Tutorial 2: Something a little more practical – a web page change detector
Now that you’ve gone through the basics of creating an Asphalt application, it’s time to expand your horizons a little. In this tutorial you will learn to use a container component to create a multi-component application and how to set up a configuration file for that.
The application you will build this time will periodically load a web page and see if it has changed since the last check. When changes are detected, it will then present the user with the computed differences between the old and the new versions.
Setting up the project structure
As in the previous tutorial, you will need a project directory and a virtual
environment. Create a directory named tutorial2 and make a new virtual environment
inside it. Then activate it and use pip to install the asphalt-mailer and
httpx libraries:
pip install asphalt-mailer httpx
This will also pull in the core Asphalt library as a dependency.
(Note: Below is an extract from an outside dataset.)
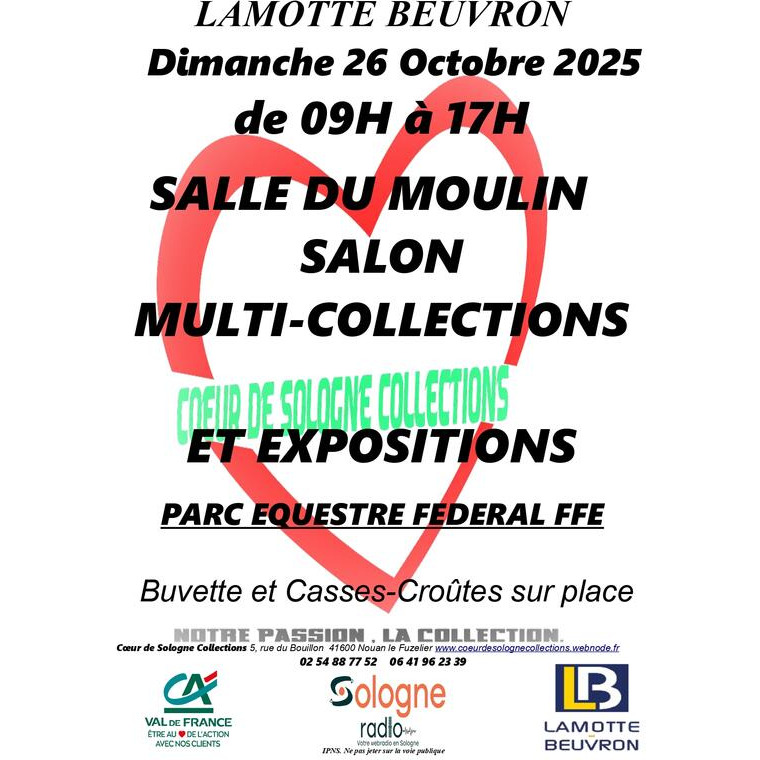 Nous organisons notre nouveau salon des collectionneurs, à la salle du moulin, au parc équestre fédéral de lamotte beuvron. Comme d'habitude, vous pourrez y retrouver les collections habituelles (monnaies, timbres, fèves, pin's, miniature et des moins communes). Le romo rc modèles, de romorantin, sera présent, pour le plaisir des petits et des grands .En plus il y aura plusieurs expositions. Pour savoir quelles expos, il faudra venir...!!! Le chemin pour accéder à la salle du moulin de la ffe sera flécher depuis le centre de lamotte beuvron. Entrée gratuite, buvette et petite restauration. Cette manifestation est organisée, en partenariat avec la ville de lamotte beuvron, le crédit agricole val de france, super u salbris, fréquence trois la radio locale et sologne radio votre web radio, au coeur de la sologne.

Next, create a package directory named webnotifier and a module named app
(app.py). The code in the following sections should be put in the app module
(unless explicitly stated otherwise).
Detecting changes in a web page
The first task is to set up a loop that periodically retrieves the web page. To that end, you need to set up an asynchronous HTTP client using the httpx library:
import logging
import anyio
import httpx
from asphalt.core import CLIApplicationComponent, run_application
logger = logging.getLogger(__name__)
class ApplicationComponent(CLIApplicationComponent):
async def run(self) -> None:
async with httpx.AsyncClient() as http:
while True:
await http.get("https://imgur.com")
await anyio.sleep(10)
if __name__ == "__main__":
run_application(ApplicationComponent, logging=logging.DEBUG)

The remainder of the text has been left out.